Now, let’s look at the data. The three dominant mining Workforce Planning stories for January were Employment (22.9%) closely followed by WH&S (19.3%) and IR (14.5%).

1 - Mining_WFPScan_Feb2013

Figure 1: Australian Mining Workforce Planning Scan (Jan – Feb 2013). Source: Australian Mining. Some stories have been verified against primary resources.

Diversity and Engagement both received a (+2) positive reading while IR received a (-6), WH&S (-5) followed by Employment and FIFO/DIDO both received a (-4) negative sentiment.

2 - Mining_PosNegIndex_Feb2013

Figure 2: Australian Mining Workforce Planning Positive/Negative Index (Jan – Feb 2013). Source: Australia Mining.
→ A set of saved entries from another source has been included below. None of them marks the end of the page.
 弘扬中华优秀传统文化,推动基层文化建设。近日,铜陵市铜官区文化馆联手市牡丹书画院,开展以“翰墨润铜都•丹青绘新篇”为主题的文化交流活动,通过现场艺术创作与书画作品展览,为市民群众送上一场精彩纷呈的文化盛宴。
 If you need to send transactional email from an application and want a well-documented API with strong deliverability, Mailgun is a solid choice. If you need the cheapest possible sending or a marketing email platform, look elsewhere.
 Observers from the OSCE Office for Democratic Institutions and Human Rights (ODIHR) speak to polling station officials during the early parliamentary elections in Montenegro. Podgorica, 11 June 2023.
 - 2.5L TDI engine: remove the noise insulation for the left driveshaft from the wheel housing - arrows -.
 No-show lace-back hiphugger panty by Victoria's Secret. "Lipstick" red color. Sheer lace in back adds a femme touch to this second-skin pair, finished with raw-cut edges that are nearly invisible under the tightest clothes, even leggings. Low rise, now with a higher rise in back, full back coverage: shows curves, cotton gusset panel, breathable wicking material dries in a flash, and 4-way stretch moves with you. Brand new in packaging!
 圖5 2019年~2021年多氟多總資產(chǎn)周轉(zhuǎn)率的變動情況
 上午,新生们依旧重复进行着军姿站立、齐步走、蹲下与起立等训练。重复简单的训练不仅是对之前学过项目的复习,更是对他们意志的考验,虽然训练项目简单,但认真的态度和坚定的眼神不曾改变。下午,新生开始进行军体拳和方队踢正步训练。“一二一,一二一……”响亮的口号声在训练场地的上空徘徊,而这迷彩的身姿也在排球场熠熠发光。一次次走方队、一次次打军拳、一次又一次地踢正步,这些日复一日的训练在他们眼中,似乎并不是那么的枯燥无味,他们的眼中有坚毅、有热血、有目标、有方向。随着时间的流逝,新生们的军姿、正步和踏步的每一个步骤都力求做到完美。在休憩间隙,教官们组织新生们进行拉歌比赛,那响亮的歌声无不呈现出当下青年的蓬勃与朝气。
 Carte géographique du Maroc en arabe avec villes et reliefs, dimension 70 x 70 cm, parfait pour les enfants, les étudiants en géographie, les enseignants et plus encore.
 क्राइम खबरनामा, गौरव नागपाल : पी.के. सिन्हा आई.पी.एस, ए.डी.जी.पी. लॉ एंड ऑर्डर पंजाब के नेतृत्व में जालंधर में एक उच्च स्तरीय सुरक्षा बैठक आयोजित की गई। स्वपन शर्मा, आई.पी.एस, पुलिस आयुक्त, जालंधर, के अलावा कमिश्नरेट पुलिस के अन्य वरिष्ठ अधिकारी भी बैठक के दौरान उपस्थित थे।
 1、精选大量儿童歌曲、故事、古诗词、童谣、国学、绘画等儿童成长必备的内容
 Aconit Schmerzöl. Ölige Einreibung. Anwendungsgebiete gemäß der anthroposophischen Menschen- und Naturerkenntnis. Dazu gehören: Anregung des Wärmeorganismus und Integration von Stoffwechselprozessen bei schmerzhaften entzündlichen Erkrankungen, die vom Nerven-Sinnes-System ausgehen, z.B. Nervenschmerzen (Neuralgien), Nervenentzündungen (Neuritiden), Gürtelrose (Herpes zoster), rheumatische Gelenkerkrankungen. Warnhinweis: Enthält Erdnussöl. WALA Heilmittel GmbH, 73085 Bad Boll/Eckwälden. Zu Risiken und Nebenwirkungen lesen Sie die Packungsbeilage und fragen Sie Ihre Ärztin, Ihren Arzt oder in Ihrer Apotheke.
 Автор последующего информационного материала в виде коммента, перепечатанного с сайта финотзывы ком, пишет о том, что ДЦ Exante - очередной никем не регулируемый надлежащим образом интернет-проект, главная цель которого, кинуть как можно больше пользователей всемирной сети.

The Employ category which tracks employment gains, losses and general sentiment was the leading Workforce Planning indicator for February but only just at 19-stories (22.9% +1.6%mom/+4.5%yoy). There was a 4210-jobs gain but a spike in jobs lost which sat at 1,994 which goes some way to explain a slightly higher negative sentiment (-4 or -1mom). As previously mentioned, Rio’s revised announcement of 2,200 new positions was the best employment gain for the month but a newly approved Venture Minerals proposal in an opened Tarkine could provide up to 1,000 positions in the depressed Tasmanian economy. UGL announced 1,000 positions will go globally with 700 to be cut from its Australian operations alone, while Bradken, a mining and rail manufacturer posted a $46.7-million half-yearly profit (up from $43-million the previous year) after cutting its staff by 500.

WH&S which tracks Work, Health and Safety incidents and initiatives came in as the second leading indicator for February with 16-stories (19.3%, -19%mom/-8.3%yoy). Only one Australian was reported injured when after a Mount Isa underground incident required an aero evacuation. Near misses and complaints of conditions ensured WH&S finished the month with a (-5) negative sentiment. One story that is worth reading and highlights the dangers of the sector is of the 4th mining related death in just a fortnight in West Virginia. (For the record, injuries or deaths that occur outside of Australia do not count toward the positive/negative index).

IR or Industrial Relations was the third leading indicator for February at 12-stories (14.5%, +8.1%mom/steady from 2012). Ongoing industrial disputes with Pacific National Coal, lockouts at BHP and a walkout at Hanson Quarry gave IR a (-6), the most negative index reading for February.

Diversity which looks at female, indigenous and disabled participation (although other subject groups would not be ruled out) finished the month with 2-stories (2.4%, -1.9%mom/+0.2%yoy). Both stories looked at the sectors female participation this month. The need for mining to increase its female participation from the current 15% to the 25% by 2020 is my pick for the month.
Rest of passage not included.